A lot of people have made various attempts to fix their financial situation. However, majority of these people failed. This is because financial resolutions need a long-term behavioral change which is very difficult but not impossible to do. There are other things that can be done to fix one’s finances aside from saving and spending less. Here are three tips to try to be able to manage your money better.

First, obtain a free copy of your credit report. The legislation in 2003 entitles all Americans to an annual free copy of their credit report. Each of the three credit bureaus must provide this copy. It can be obtained via AnnualCreditReport.com.

Despite this privilege, survey shows that almost 2/3 of Americans do not order a copy of their report. Getting hold of one’s report is important because it allows you to understand your credit score. It also helps in identifying errors and disputing them so that changes can be made that will help you obtain loans and additional credit for purchasing your needs. Aside from this, credit ratings these days determine employment. If you are planning to apply for a job, you must know your credit standing to see if it will affect your job application.

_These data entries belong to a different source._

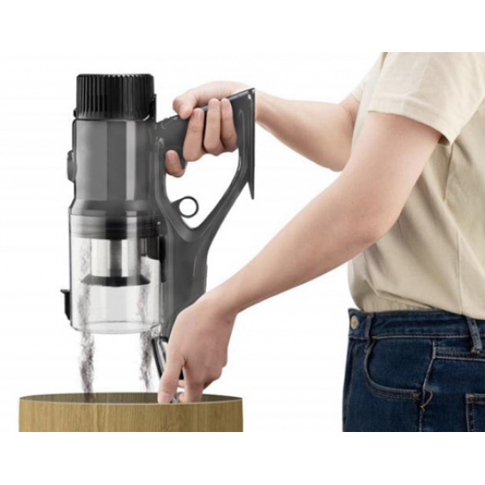 Údržba vysavače je velmi jednoduchá a k jeho provozu nepotřebujete papírové výměnné sáčky. Nečistoty jsou vysávány do nádobky o obsahu 0,7 litru. Nádobka je navíc doplněna o zpětnou klapku, která zabraňuje vypadávání nečistot při manipulaci s vysavačem. Po ukončení úklidu jednoduše uvolníte západku na nádobce a veškerý obsah vysypete. Filtr je omyvatelný a lze ho vyčistit a používat opakovaně.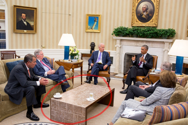was sollte das mit dem bild mit obama wo die 2 getränke eingekreist waren?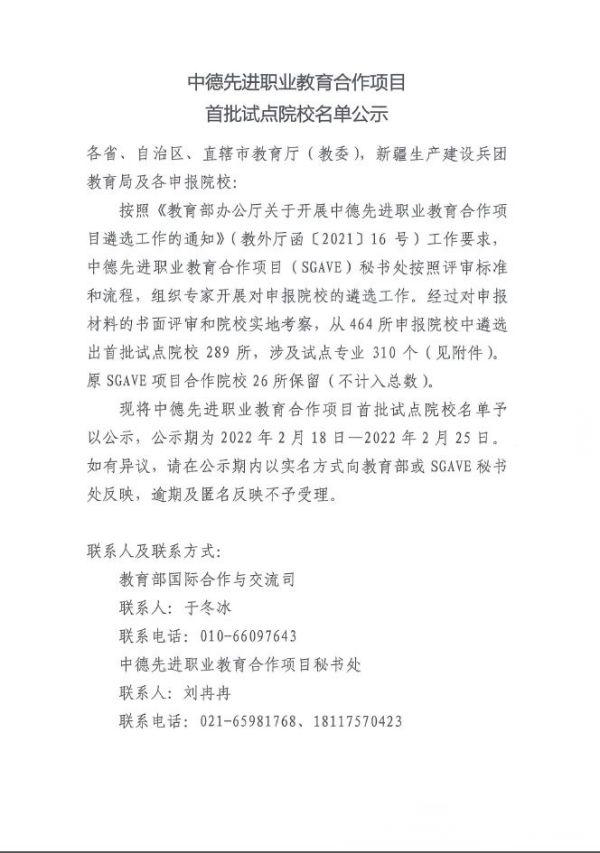 按照《教育部辦公廳關(guān)于開展中德先進(jìn)職業(yè)教育合作項(xiàng)目遴選工作的通知》(教外廳函2021]16號(hào))工作要求,中德先進(jìn)職業(yè)教育合作項(xiàng)目(SGAVE)秘書處按照評(píng)審標(biāo)準(zhǔn)和流程,組織專家開展對(duì)申報(bào)院校的遴選工作。經(jīng)過對(duì)申報(bào)材料的書面評(píng)審和院校實(shí)地考察,從464所申報(bào)院校中遴選出首批試點(diǎn)院校289所,涉及試點(diǎn)專業(yè)310個(gè)。山東省濰坊商業(yè)學(xué)校汽車運(yùn)用與維修專業(yè)入選其中。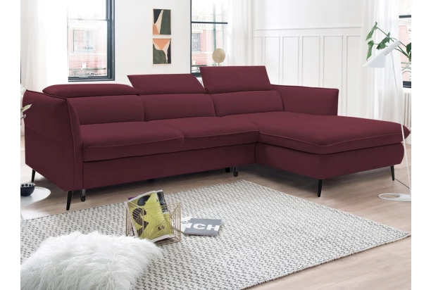 Rohová sedacia súprava v trendovom elegantnom dizajne pripomína optiku vankúšov. Komfortné sedenie dopĺňajú polohovateľné chrbtové opierky a nastaviteľné bočné podrúčky, vďaka ktorým si prispôsobíte pohodlie podľa aktuálnej potreby. Sedačka tvoriaca pravý roh je očalúnená zamatovo lesklú mäkkou látkou v odtieni vínová. Praktickou stránkou je rozkladacia funkcia na lôžko a úložný priestor, ktorý sa vždy hodí.

Second, go through a medical exam. This is a preventive measure rather than a direct solution to a financial challenge. By going through a medical exam, health care expenses are significantly reduced. This is because minor health problems are addressed early on before the condition gets worse.

Finally, update your beneficiaries. Deaths are inevitable and there are plenty of cases wherein the insurance proceeds go to someone else. Sometimes, this is not the intention of the bereaved family member but since the update was not made prior to death, there is nothing he or she can do about it. Remember that the name indicated as the beneficiary will be the person who will be receiving the proceeds of the insurance.

This holds true even if the will of the dead family member states that it must go to his or her spouse or children. Updating of beneficiaries should be done every time a major life change such as marriage, divorce, child birth or spouse’ death occurs. Accounts that usually need beneficiary designations include the following: 401k, 403, 457 plans, retirement plans for the self-employed, individual retirement accounts or IRAs, credit union plans, disability and life insurance policies and annuities.